▸ Raw data:
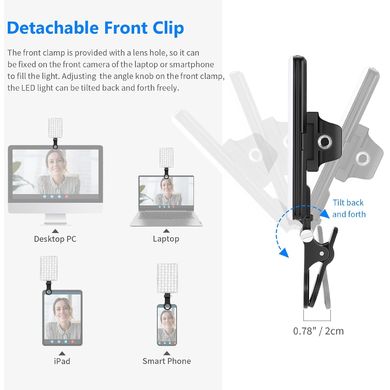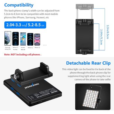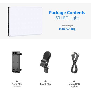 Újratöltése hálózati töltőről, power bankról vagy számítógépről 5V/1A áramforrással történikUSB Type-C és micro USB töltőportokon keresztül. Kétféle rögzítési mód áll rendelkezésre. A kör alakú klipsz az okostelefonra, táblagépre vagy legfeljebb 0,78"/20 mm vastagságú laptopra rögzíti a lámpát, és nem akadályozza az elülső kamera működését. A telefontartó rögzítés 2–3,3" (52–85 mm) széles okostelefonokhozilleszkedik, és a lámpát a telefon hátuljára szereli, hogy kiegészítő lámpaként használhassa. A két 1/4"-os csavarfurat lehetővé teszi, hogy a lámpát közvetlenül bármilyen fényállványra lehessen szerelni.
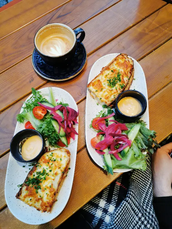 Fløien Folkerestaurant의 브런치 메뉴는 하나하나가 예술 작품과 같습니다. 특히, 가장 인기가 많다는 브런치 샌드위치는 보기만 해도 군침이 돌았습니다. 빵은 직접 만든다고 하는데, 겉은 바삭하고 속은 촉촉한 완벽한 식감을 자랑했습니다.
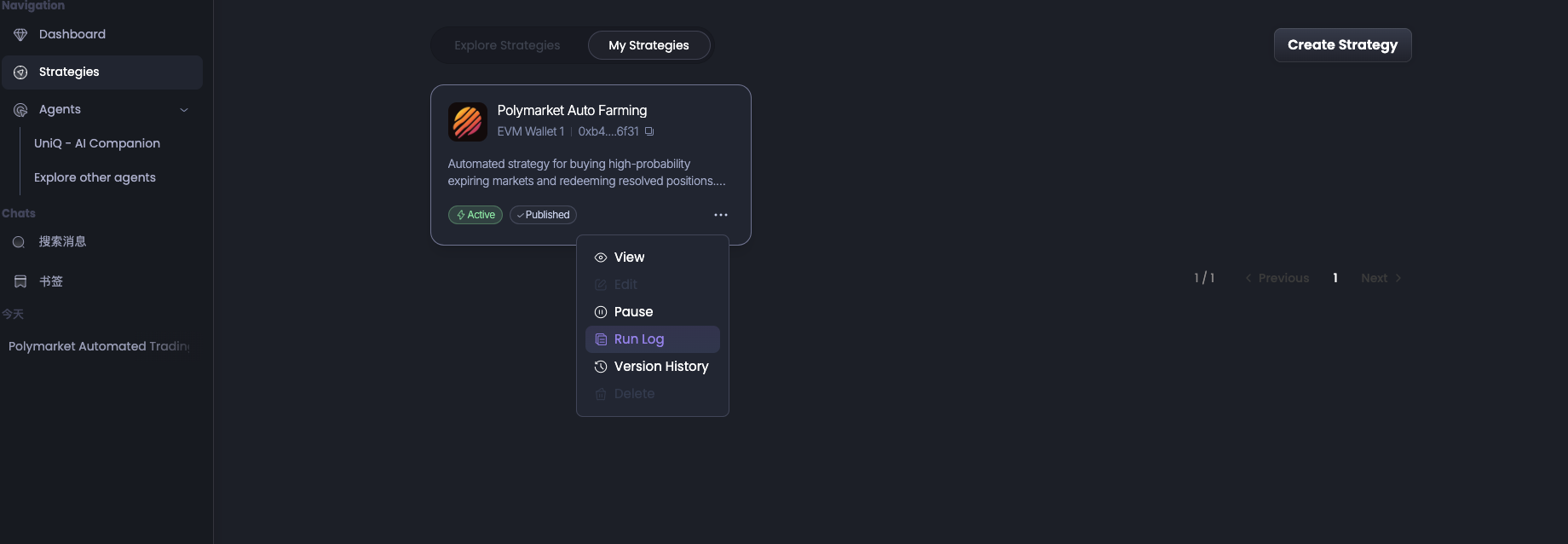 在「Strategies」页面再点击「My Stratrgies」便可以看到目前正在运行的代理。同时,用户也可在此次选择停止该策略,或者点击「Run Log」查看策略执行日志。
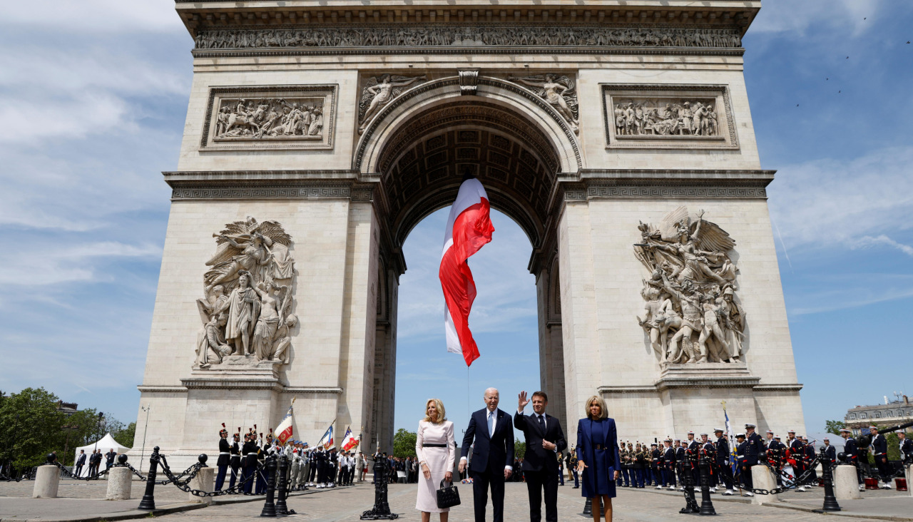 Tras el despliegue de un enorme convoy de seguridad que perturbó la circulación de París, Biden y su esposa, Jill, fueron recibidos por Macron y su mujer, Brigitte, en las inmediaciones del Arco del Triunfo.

▸ Problem statement: All of the material above is to be retyped exactly, with no pictures included.

▸ Answer box:
 Újratöltése hálózati töltőről, power bankról vagy számítógépről 5V/1A áramforrással történikUSB Type-C és micro USB töltőportokon keresztül. Kétféle rögzítési mód áll rendelkezésre. A kör alakú klipsz az okostelefonra, táblagépre vagy legfeljebb 0,78"/20 mm vastagságú laptopra rögzíti a lámpát, és nem akadályozza az elülső kamera működését. A telefontartó rögzítés 2–3,3" (52–85 mm) széles okostelefonokhozilleszkedik, és a lámpát a telefon hátuljára szereli, hogy kiegészítő lámpaként használhassa. A két 1/4"-os csavarfurat lehetővé teszi, hogy a lámpát közvetlenül bármilyen fényállványra lehessen szerelni.
 Fløien Folkerestaurant의 브런치 메뉴는 하나하나가 예술 작품과 같습니다. 특히, 가장 인기가 많다는 브런치 샌드위치는 보기만 해도 군침이 돌았습니다. 빵은 직접 만든다고 하는데, 겉은 바삭하고 속은 촉촉한 완벽한 식감을 자랑했습니다.
 在「Strategies」页面再点击「My Stratrgies」便可以看到目前正在运行的代理。同时,用户也可在此次选择停止该策略,或者点击「Run Log」查看策略执行日志。
 Tras el despliegue de un enorme convoy de seguridad que perturbó la circulación de París, Biden y su esposa, Jill, fueron recibidos por Macron y su mujer, Brigitte, en las inmediaciones del Arco del Triunfo.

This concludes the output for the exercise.